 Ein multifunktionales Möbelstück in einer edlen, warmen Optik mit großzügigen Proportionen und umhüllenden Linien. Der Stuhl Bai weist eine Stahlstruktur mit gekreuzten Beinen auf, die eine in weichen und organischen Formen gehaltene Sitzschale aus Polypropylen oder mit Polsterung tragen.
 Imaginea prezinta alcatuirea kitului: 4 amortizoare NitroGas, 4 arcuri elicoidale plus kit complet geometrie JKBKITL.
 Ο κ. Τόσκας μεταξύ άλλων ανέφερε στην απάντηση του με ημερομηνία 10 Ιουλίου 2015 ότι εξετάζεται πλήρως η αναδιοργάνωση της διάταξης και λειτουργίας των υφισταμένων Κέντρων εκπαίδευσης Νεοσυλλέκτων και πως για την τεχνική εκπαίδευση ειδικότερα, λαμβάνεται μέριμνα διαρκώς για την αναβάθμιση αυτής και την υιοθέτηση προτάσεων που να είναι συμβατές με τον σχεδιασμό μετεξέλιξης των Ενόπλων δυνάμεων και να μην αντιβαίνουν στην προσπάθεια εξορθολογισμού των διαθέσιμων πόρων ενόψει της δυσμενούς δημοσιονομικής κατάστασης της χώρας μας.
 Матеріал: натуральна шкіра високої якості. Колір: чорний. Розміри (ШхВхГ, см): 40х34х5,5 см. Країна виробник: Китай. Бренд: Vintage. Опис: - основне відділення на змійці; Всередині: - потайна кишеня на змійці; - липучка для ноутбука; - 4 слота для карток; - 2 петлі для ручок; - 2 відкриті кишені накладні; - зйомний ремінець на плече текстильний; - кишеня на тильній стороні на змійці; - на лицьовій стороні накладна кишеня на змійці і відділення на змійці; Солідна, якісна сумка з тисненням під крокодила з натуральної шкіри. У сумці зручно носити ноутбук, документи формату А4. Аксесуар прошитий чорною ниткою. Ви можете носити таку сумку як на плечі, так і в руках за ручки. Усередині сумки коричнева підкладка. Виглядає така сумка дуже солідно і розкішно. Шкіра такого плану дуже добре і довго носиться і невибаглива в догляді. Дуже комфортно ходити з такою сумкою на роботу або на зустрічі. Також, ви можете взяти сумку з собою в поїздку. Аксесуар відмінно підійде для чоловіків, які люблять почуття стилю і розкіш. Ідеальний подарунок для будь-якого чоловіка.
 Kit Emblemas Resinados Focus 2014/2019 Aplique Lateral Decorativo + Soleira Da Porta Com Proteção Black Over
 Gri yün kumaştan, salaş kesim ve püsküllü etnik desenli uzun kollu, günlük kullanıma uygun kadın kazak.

* * * * *

→ Instructions to follow
Beginning with the opening line above, retype the records exactly through the line with "Imaginea prezinta alcatuirea", both ends included.

→ Answer to this task
 Ein multifunktionales Möbelstück in einer edlen, warmen Optik mit großzügigen Proportionen und umhüllenden Linien. Der Stuhl Bai weist eine Stahlstruktur mit gekreuzten Beinen auf, die eine in weichen und organischen Formen gehaltene Sitzschale aus Polypropylen oder mit Polsterung tragen.
 Imaginea prezinta alcatuirea kitului: 4 amortizoare NitroGas, 4 arcuri elicoidale plus kit complet geometrie JKBKITL.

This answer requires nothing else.